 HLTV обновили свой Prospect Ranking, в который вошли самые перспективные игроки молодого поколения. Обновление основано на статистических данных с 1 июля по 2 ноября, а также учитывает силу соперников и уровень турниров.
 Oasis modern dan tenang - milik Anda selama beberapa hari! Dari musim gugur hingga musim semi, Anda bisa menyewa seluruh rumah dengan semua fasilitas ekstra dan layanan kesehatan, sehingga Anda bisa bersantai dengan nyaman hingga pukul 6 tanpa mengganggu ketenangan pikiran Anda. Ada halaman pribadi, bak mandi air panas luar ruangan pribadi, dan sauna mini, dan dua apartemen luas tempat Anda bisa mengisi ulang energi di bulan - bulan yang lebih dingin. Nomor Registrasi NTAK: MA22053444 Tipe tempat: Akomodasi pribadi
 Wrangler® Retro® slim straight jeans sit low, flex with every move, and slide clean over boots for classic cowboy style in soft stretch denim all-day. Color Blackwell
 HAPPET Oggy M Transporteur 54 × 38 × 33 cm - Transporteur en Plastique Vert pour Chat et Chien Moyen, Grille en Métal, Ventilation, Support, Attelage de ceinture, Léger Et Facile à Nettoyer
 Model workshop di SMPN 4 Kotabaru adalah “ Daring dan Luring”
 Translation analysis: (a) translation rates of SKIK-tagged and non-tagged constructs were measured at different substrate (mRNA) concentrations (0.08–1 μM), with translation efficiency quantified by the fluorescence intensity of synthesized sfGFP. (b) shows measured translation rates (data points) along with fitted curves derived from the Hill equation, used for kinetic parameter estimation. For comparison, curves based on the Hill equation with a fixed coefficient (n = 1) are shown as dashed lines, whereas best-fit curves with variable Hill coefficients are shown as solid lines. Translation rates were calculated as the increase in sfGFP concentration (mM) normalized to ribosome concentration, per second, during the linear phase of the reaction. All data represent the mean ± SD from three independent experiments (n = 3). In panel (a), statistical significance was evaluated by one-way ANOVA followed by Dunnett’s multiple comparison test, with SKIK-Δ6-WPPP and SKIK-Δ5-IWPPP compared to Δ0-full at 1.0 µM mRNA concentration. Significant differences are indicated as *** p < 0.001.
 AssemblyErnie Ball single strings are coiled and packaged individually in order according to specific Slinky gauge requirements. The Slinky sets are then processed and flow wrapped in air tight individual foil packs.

☆ ☆ ☆ ☆

→ **REQUIRED WORK**: Copy, exactly and only, the lines above that begin with the one containing "HAPPET Oggy M" and finish with the one containing "Model workshop di".

→ **OUTPUT OF THE EXERCISE**:
 HAPPET Oggy M Transporteur 54 × 38 × 33 cm - Transporteur en Plastique Vert pour Chat et Chien Moyen, Grille en Métal, Ventilation, Support, Attelage de ceinture, Léger Et Facile à Nettoyer
 Model workshop di SMPN 4 Kotabaru adalah “ Daring dan Luring”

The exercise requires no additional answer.